Originally Posted by DrivenByNothing

When comparing the mileage of factory N/A vehicles with factory forced induction vehicles, one must realize that cars are manufactured to appeal to a certain demographic of people. The group that buys sporty cars puts performance above fuel economy (for the most part).

That's the great part about the EPA highway test. It's consistent! So, given the same car, one with a NA engine, and another with a turbocharged version of the same engine and a taller transmission, on the same test. It's evident imo, that the turbocharged engine is less efficient than the NA engine if it gets worse mileage, because it's over the same test, in the same car, with the same engine, and a slightly more efficient transmission ratio.
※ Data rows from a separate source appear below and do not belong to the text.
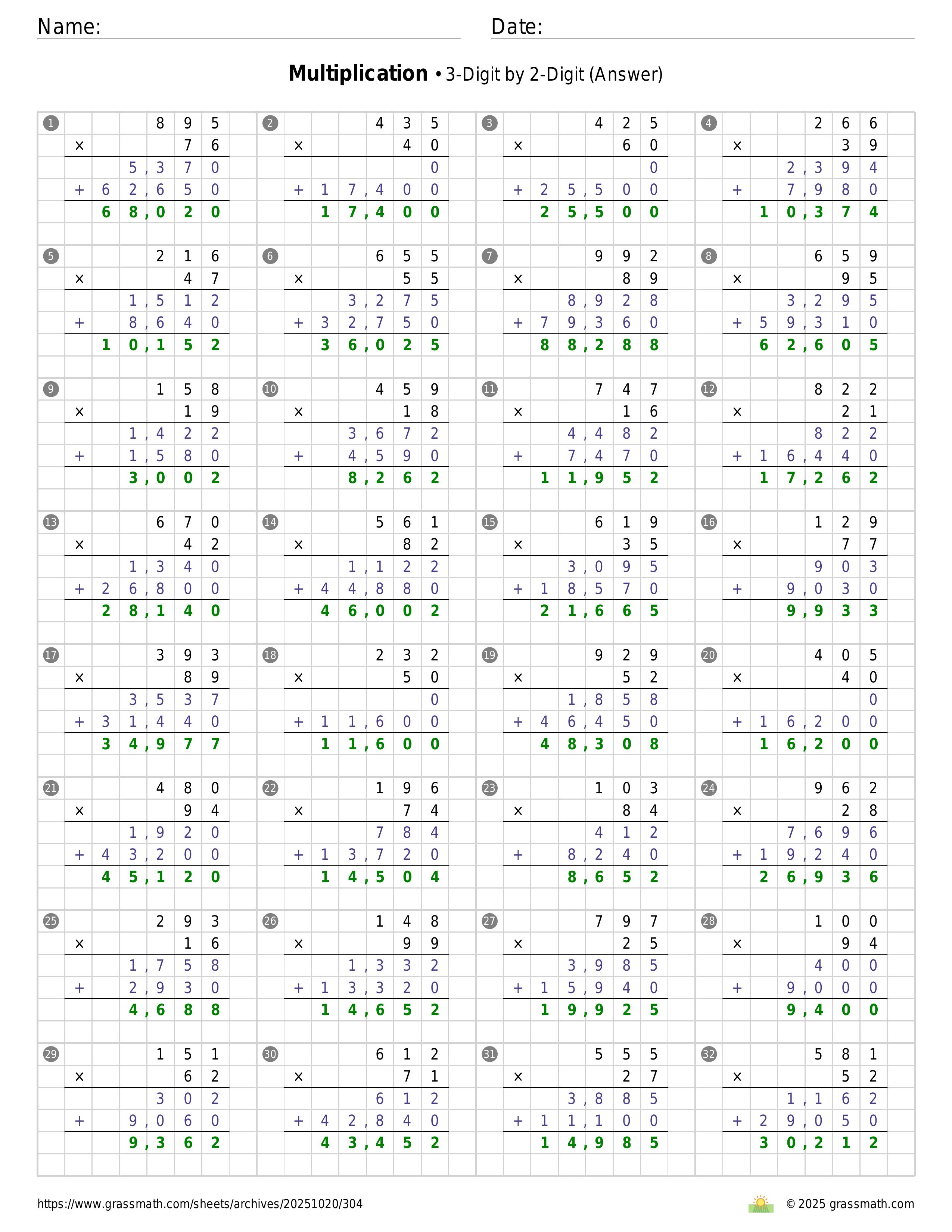 Multiplication 3-Digit by 2-Digit
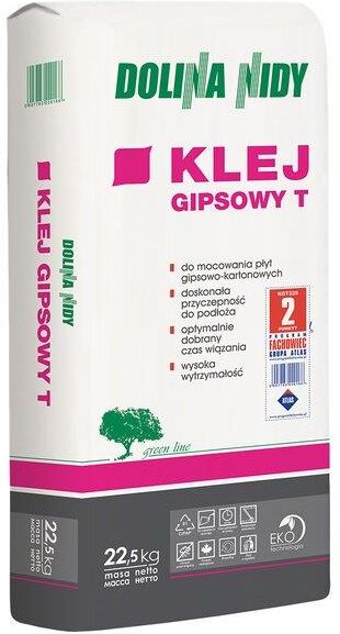 Klej gipsowy T 22.5 kg marki Dolina Nidy. Do przyklejania płyt gipsowo-kartonowych oraz płyt zespolonych do izolacji cieplnej i akustycznej do ścian wewnątrz budynków. Uwaga - na sufitach zalecany jest montaż na ruszcie. Do wypełniania miejscowych ubytków podłoża o głębokości do 20 mm. Do stosowania na podłożach które mogą stanowić powierzchnie z cegieł, bloczków, pustaków lub innych elementów ceramicznych, wapienno-piaskowych, betonu i betonu komórkowego. Główne właściwości kleju: klej gipsowy produkowany na bazie naturalnych spoiw gipsowych uzyskiwanych w wyniku prażenia kamienia gipsowego, zawiera wypełniacze mineralne oraz komponenty powodujące, że masa gipsowa jest plastyczna i bardzo łatwa w obróbce. Bardzo wysoka wytrzymałość połączenia klejowego – zapewnia trwałe i mocne połączenie płyt gipsowo-kartonowych z podłożem. Korzystne parametry robocze - klej jest łatwy do nakładania, a podczas ustawiania i dociskania płyt łatwo dopasowuje się do kształtu i nierówności podłoża. Wydłużony czas wiązania – zapewnia wygodną pracę oraz możliwość swobodnego ustawienia i skorygowania każdej płyty do oczekiwanego położenia końcowego. Niski skurcz po utwardzeniu kleju – brak wewnętrznych odkształceń i naprężeń w warstwie połączenia klejowego zapewnia wysoką stabilność połączenia. Zużycie. Średnio zużywa się ok. 2,5 – 5,0 kg na 1m2, w zależności od stopnia równości podłoża i przyjętej metody klejenia.
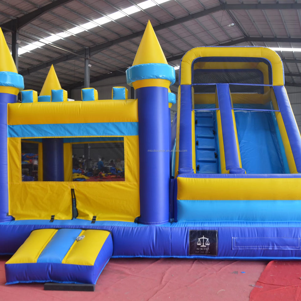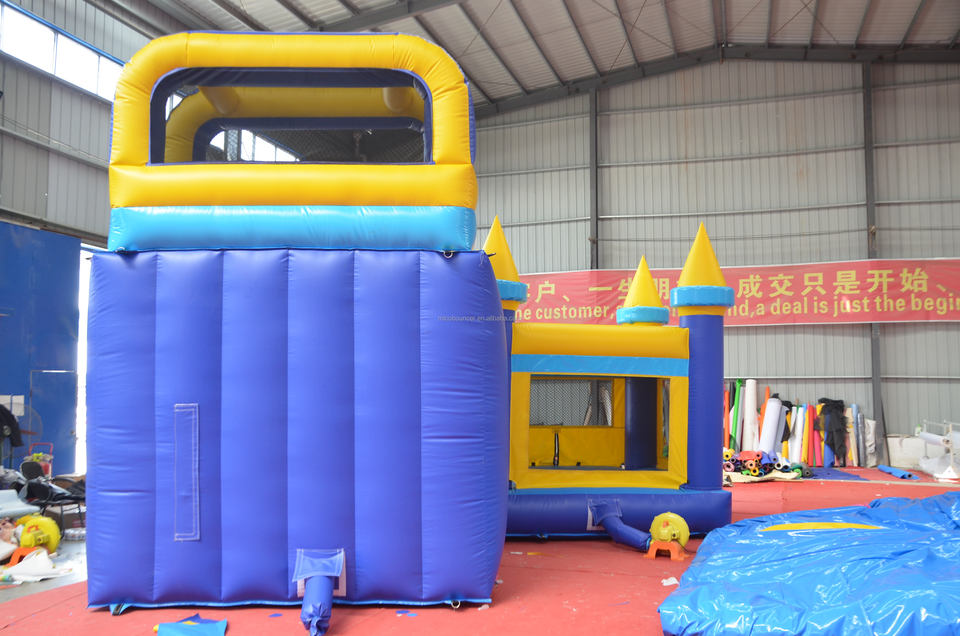 Castillo Inflable Clásico Azul y Amarillo con Tobogán, Doble Torre, Combinación de Brincolín Inflable para Niños, para Alquiler Comercial en Fiestas
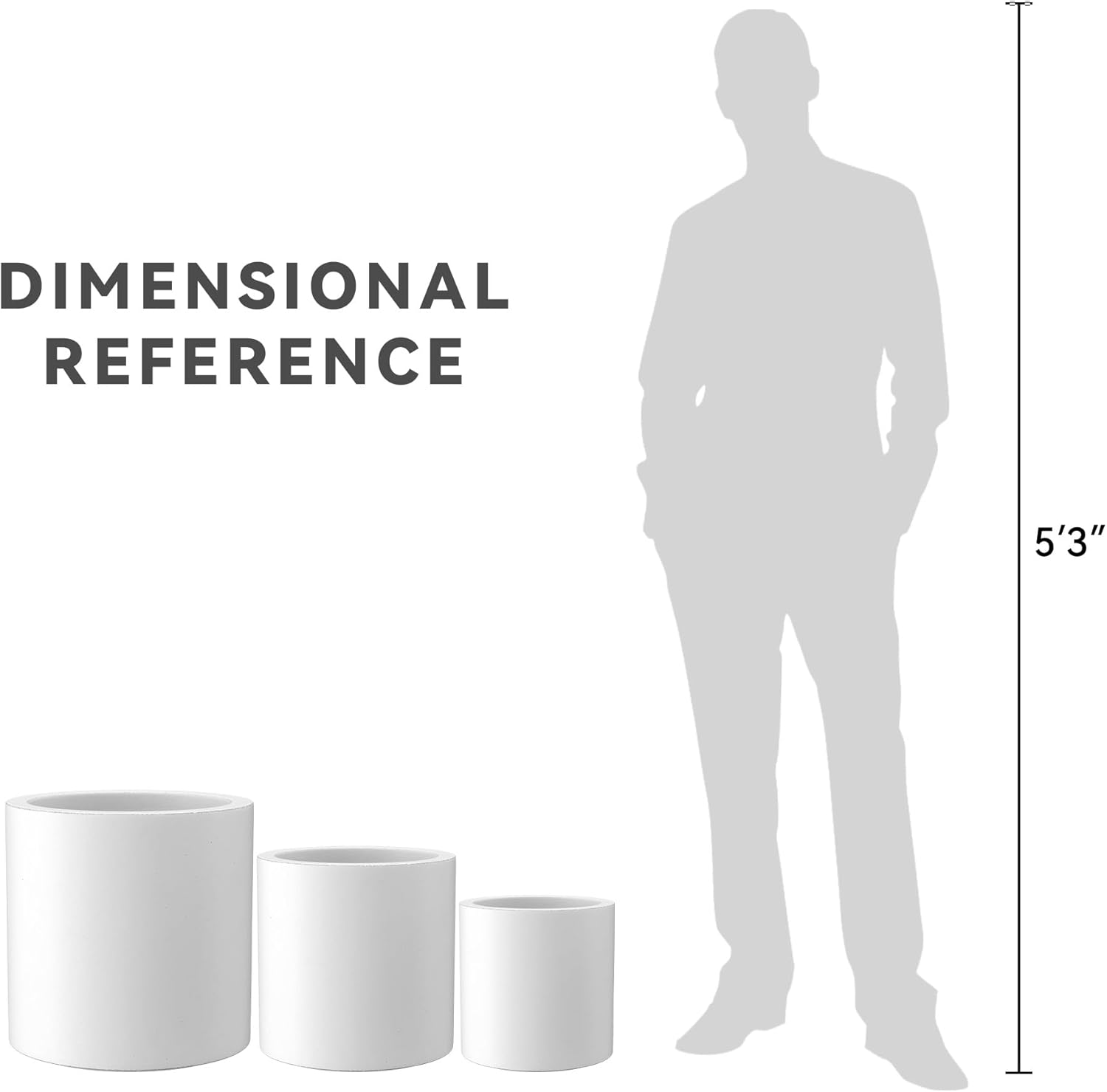 Kante RC0119ABC-C80011 Set of 3 Lightweight Concrete Modern Cylinder Outdoor Planters, 15.8, 12.9 and 9.8 Inch Diameter, Pure White
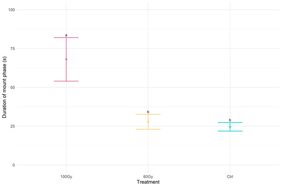 Dot plot with error bars of the time interval counting from the beginning of the mount phase to the beginning of mating. The treatments indicated with different letters show significant differences (Kruskal–Wallis test at p < 0.05). The dot represents the mean of delta time, and the error bar represents the standard error of the mean.
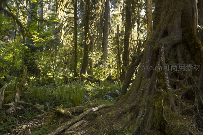 阳光穿透的古老森林,苔藓覆盖巨树根系
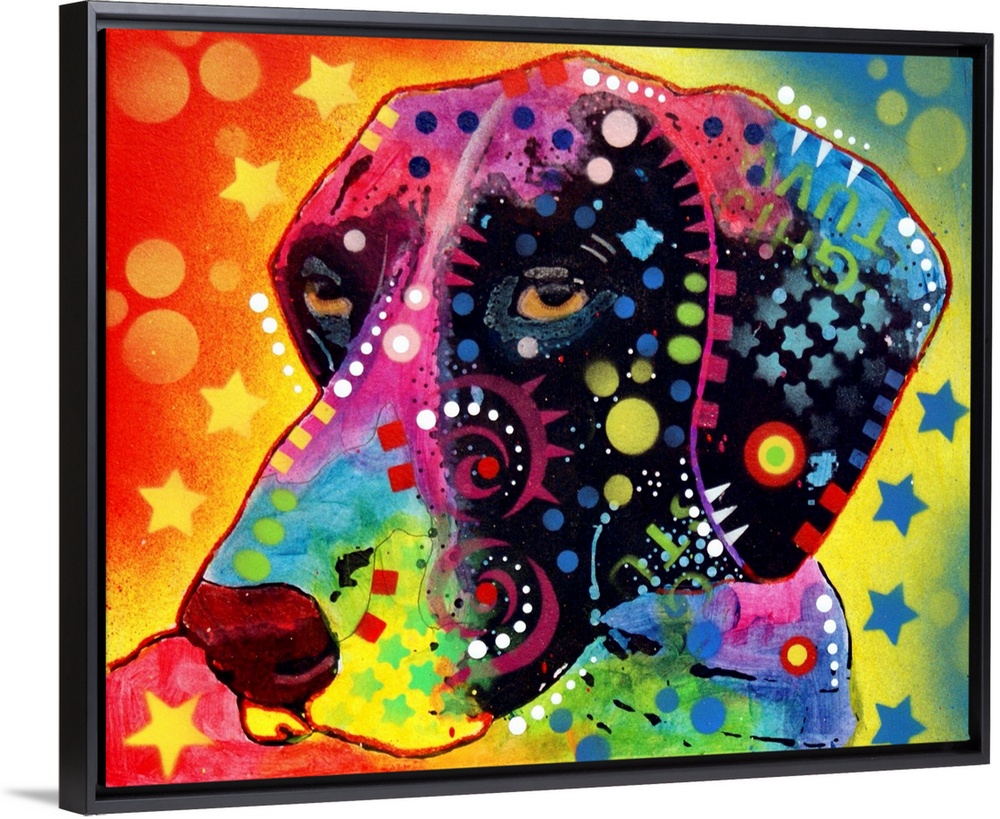 <p>Contemporary stencil painting of a dog filled with various colors and patterns.</p>
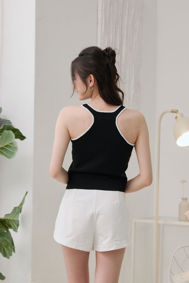 Gracie Contrast Halter Neck Knit Top Black

The only variable I can think of would be the ECU, but I'm pretty sure that's the same for both, since all cars have to keep the AFR at 14.7:1 during normal driving unless they're lean burn, diesel, or hybrid iirc. I'm not trying to knock your ideas. I'm just saying that imo, turbocharging a NA engine, designed for less power, and running it lean isn't the best for efficiency and reliability. It's cheaper to get a larger displacement engine and gear it down if you want power and efficiency at some speed. That way, you don't have to worry about replacing the engine in the first place.

Quote:

Originally Posted by SVOboy

VW uses diesel where Honda is new to the market (but then VW's diesels are the dirtiest things on the road, and Honda's late entry into the diesel market should differ substantially on this point).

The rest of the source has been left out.